Vincent and Louise did a lot of good. Enough good that we’re still talking about it 400 years later. Enough good that it is inherent in the work us DePaul students are doing, whether we realize (or want to admit it) or not.
But they also lived and breathed and struggled and wrote and painted and saw the world in front of them and appreciated it along with all the people in it.
“What must be done?” is a profoundly simple question with an unlimited number of debatable answers. It’s philosophical and theoretical, yet practical and ordinary. What must be done in our own communities? What must be done for our neighbor? What must be done for those who are so marginalized that our lives never cross geographic paths?
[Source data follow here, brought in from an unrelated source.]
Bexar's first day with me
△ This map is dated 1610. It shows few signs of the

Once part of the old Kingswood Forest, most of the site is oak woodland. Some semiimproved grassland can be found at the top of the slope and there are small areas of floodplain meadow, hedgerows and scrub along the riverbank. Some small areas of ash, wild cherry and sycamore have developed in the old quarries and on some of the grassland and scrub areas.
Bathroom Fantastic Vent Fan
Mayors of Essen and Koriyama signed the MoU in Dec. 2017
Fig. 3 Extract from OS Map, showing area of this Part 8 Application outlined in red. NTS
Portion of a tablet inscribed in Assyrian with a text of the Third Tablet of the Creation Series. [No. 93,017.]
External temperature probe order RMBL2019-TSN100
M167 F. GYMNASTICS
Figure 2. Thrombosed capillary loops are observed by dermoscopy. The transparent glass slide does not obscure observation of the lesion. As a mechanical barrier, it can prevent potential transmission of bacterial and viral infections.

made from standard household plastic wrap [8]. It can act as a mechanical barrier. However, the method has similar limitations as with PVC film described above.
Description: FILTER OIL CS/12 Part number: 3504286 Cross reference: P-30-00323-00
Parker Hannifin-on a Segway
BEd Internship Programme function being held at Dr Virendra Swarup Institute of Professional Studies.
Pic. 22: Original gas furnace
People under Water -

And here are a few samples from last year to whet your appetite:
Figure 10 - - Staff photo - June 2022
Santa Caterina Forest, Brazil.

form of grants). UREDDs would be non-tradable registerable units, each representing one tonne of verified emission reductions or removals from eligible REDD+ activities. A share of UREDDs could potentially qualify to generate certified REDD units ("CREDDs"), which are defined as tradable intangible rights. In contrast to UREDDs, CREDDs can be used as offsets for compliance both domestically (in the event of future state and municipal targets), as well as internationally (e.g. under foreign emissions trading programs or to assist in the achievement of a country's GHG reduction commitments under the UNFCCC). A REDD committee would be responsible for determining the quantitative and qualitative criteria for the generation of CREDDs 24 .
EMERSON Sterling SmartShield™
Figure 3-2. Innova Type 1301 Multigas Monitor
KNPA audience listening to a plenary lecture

It’s a question we are trained, as DePaul students, to ask without falter. This trip has shown me how these questions must be asked in an idealistic way. We must work for our ideals in order to move the arc of the moral universe closer to justice. We must ask these questions in the classroom and in our jobs, but also in our personal relationships, and to ourselves.
We must take care of each other. We must take care of our community and our world without falter.
We must take care of ourselves.
I’m glad I didn’t go into Paris with any aerial expectations. I truly absorbed the city through my experiences, and learned of the beautiful simplicity that my good friends Vinny and Louise are always talkin’ about.
I learned to breathe and to be, and I could not have without the people, places, and spaces who have formatively shaped me.